Meet Krista Delahunty and Jason Johnston

“We started Aroostook Hops out of personal interest. Jason, my husband, had been making home brew beer for years. We are both scientists, so our interest in growing hops for beer was a natural step. It turns out there was a real need for the product, so we kept expanding and exploring our interest and turned it into a commercial business.”

Krista Delahunty and Jason Johnston started growing hops commercially in Westfield, Maine in 2009. Jason is on the faculty of the University of Maine at Presque Isle teaching a variety of courses in biology and wildlife ecology and Krista teaches an online biology course for non-majors at UMPI. They have two small girls who are getting very used to growing up with farmers for parents.

“The kids spent a lot of time in the swing set during the harvest,” said Krista, “but it was the only way we could keep an eye on them while we worked.

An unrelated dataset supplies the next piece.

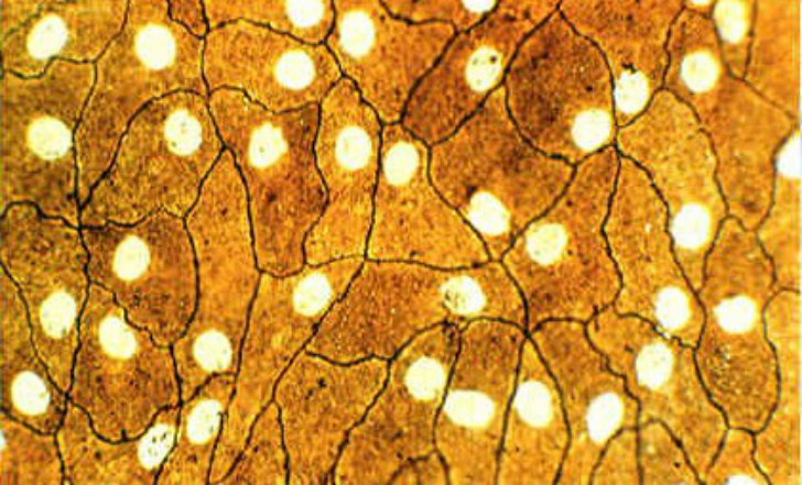 细胞呈多边形,胞核扁圆形,位于细胞中央。

Krista and Jason have quickly become hops experts in the state. “We’re scientists, and we are both interested in how to grow the best hops organically. Hops take three years to produce and at the end of each season we can analyze what worked best, what we can change, what we can do better.”

This year, Jason and Krista were awarded a MTI Seed Grant to fabricate a harvester. To get the Seed Grant they had to match the money, which they were able to do in part with money previously raised through an Indiegogo Campaign.

“We are busy, but we’re happy. We both like the hard, physical work, and the mental challenges of growing hops, but most of all we really enjoy doing this together.”

Krista and Jason joined the Maine Farm Bureau at the urging of a neighboring farm family. “The cost of our membership is basically paid for by the discount we get on our insurance. Plus we get a bunch of other discounts on equipment and travel. Last June, the Aroostook County Farm Bureau asked us to speak at the Maple Meadows Farm Festival, which was great exposure for us. Plus, we both think it’s important to have a voice in what happens in Maine agriculture.”

Aroostook Hops hops can be found in many local Maine brews like Allagash’s Sixteen Counties and Gritty McDuff’s Aroostook Fresh Hop Ale.